Hijrah sejati tidak hanya mengubah penampilan luar, tapi juga menyentuh hati dan niat.
3. Hijrah Intelektual: Dari Tidak Tahu Menuju Paham
Sebagai mahasiswa, hijrah juga bermakna perubahan dalam pola pikir dan ilmu.
Hijrah intelektual berarti berpindah dari ketidaktahuan menuju pemahaman yang benar tentang Islam.
Mahasiswa yang berhijrah intelektual:
- Rajin mengikuti kajian ilmiah dan membaca buku-buku keislaman.
- Tidak mudah menyebarkan informasi agama tanpa dalil.
- Terbuka terhadap perbedaan pendapat selama berdasar pada ilmu.
“Barang siapa yang dikehendaki Allah mendapat kebaikan, maka Dia akan memahamkan dia dalam urusan agama.”
— HR. Bukhari dan Muslim
Ilmu yang benar akan menuntun seseorang menuju hijrah yang matang dan bijaksana.
4. Hijrah Sosial: Menjadi Pribadi yang Bermanfaat
Hijrah juga berarti menjadi sumber kebaikan bagi lingkungan sekitar.
Rasulullah SAW mengajarkan bahwa sebaik-baik manusia adalah yang paling bermanfaat bagi orang lain.
Mahasiswa STAI Daqura bisa menerapkannya dengan:
- Aktif dalam kegiatan sosial dan dakwah kampus.
- Menolong teman tanpa pamrih.
- Menjadi contoh akhlak baik di lingkungan akademik.
Hijrah sosial menegaskan bahwa iman tidak cukup disimpan dalam hati, tapi harus diwujudkan dalam perbuatan nyata yang membawa manfaat bagi sesama.
5. Tantangan Hijrah di Era Modern
Hijrah di zaman sekarang tidak mudah.
Godaan media sosial, gaya hidup hedonis, dan lingkungan pergaulan sering kali membuat seseorang mudah goyah dan kembali pada kebiasaan lama.
Beberapa tantangan hijrah mahasiswa:
- Konsistensi ibadah di tengah kesibukan.
- Lingkungan yang kurang mendukung.
- Rasa takut dikucilkan karena perubahan diri.
Namun, jangan pernah menyerah. Setiap langkah menuju kebaikan pasti diiringi pertolongan Allah.
Hijrah bukan tentang sempurna, tapi tentang berani berubah dan tetap istiqamah.
“Sesungguhnya orang-orang yang berkata: ‘Tuhan kami ialah Allah’, kemudian mereka meneguhkan pendirian mereka, maka malaikat akan turun kepada mereka…”
— QS. Fussilat: 30
6. Menjaga Konsistensi dalam Hijrah (Istiqamah)
Hijrah tanpa istiqamah akan mudah pudar.
Oleh karena itu, Rasulullah SAW mengajarkan pentingnya menjaga konsistensi dalam kebaikan.
Langkah-langkah menjaga istiqamah:
- Perbanyak dzikir dan doa agar hati tetap teguh.
- Cari lingkungan yang mendukung kebaikan.
- Jangan terlalu keras menilai diri atau orang lain.
- Lakukan perubahan sedikit demi sedikit namun berkelanjutan.

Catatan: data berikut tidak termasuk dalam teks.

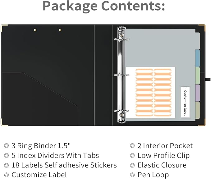 Ospelelf 3 Ring Binder, 1.5 Inch, Cute Letter Size (11" x 8.5") with 5 Tab Dividers, File Folder Labels and Low Profile Clipboards, Black Binder for School and Office Supplies
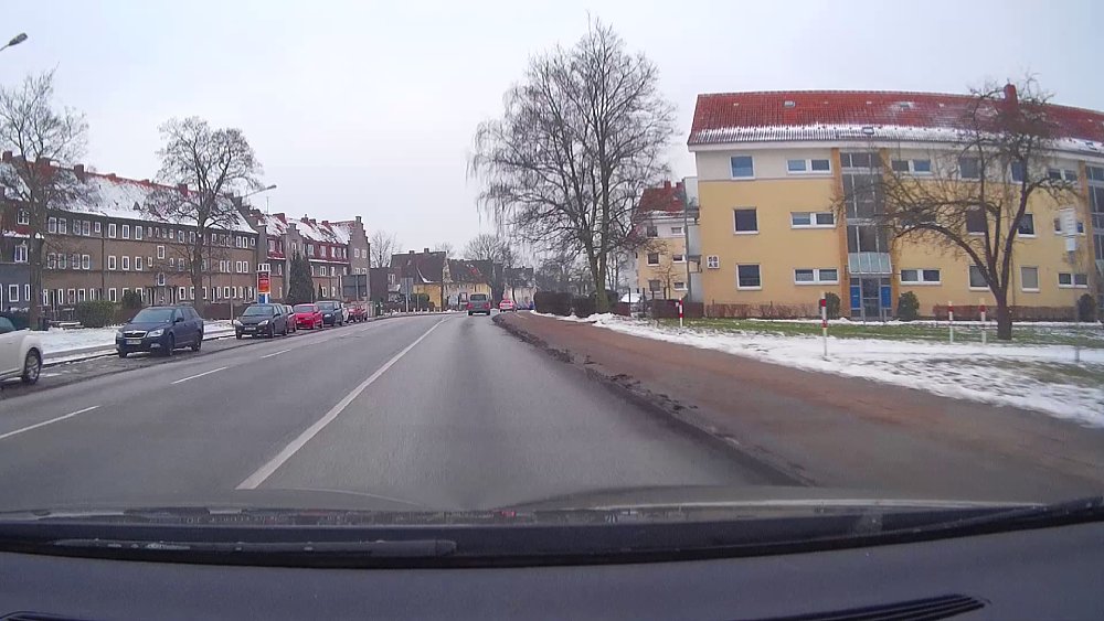 Das Objektiv hat übrigens einen Bildwinkel von 120 Grad (diagonal) bei Aufzeichnung (Foto oder Video) im 16:9-Format. Für die Montage hinter der Windschutzscheibe ist dieser Bildwinkel nahezu ideal. Durch das sehr starke Weitwinkelobjektiv (und das offenbar sehr einfache unkorrigierte Objektiv und die fehlende elektronische Korrektur) haben die Aufnahmen einen extremen Fisheye-Effekt, sie sind stark tonnenförmig verzerrt. Das heißt, Bäume und Häuser am Straßenrand werden stark verbogen aufgenommen und die Windschutzscheibe am unteren Bildrand erscheint umgekehrt herum gebogen. Das sieht nicht schön aus. Für die reine Unfall-Dokumentation ist das in Ordnung, aber wenn du "schöne" Fahrtaufnahmen, beispielsweise als Urlaubserinnerung, machen willst, wirst du mit dem starken Fisheye-Effekt auf Dauer sicherlich nicht glücklich.
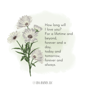 How long will I love you? For a lifetime and beyond, forever and a day, ...
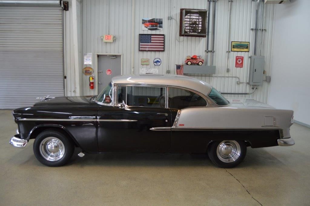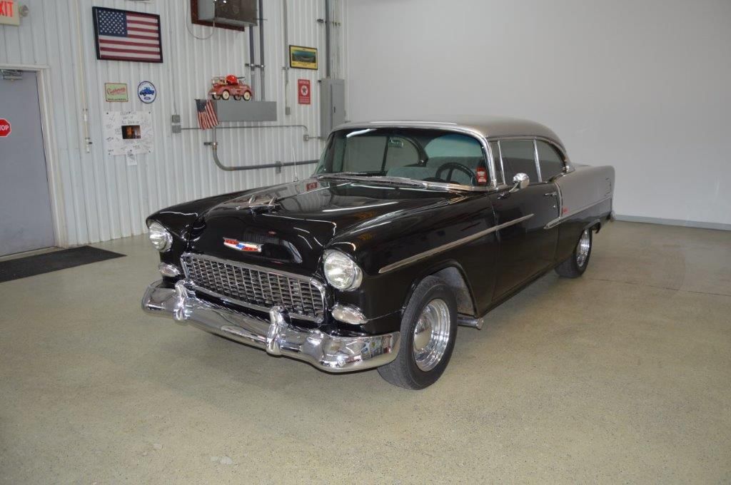 This is a very nice 1955 Bel Air Hardtop for sale. The two-toned black and silver paint is blended very well over a slick body with reconditioned moldings. All of the chrome and trim looks great!
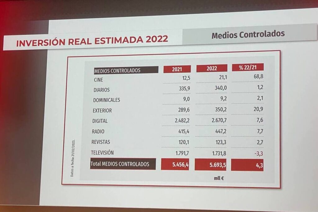 El mercado de la inversión publicitaria de 2022 ha registrado un ligero frenazo respecto a la evolución del curso anterior, marcado por la recuperación económica tras la pandemia. No obstante, sus cifras se han incrementado un 4,7% en relación a 2021, alcanzando un total de 12.214,2 millones de euros.
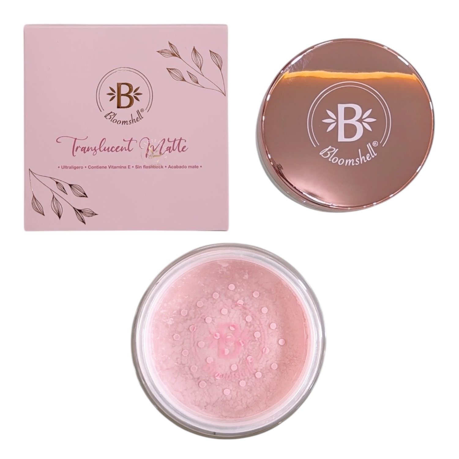 El Polvo Suelto Grande Bloomshell Rosado está diseñado para sellar el maquillaje mientras aporta un efecto iluminador y revitalizante al rostro. Su tonalidad rosada ayuda a mejorar la apariencia de la piel apagada, iluminando especialmente la zona de las ojeras y dejando un acabado más fresco y radiante.

“Amalan yang paling dicintai Allah adalah amalan yang terus-menerus, meskipun sedikit.”
— HR. Bukhari
Kesimpulan
Hijrah bukan sekadar tren atau simbol perubahan luar, melainkan perjalanan spiritual menuju ridha Allah SWT.
Mahasiswa STAI Daqura harus memaknai hijrah sebagai upaya untuk memperbaiki diri, memperdalam ilmu, dan menebar manfaat bagi masyarakat.
Karena sejatinya, hijrah bukan hanya tentang meninggalkan sesuatu, tapi tentang menjadi seseorang yang lebih baik.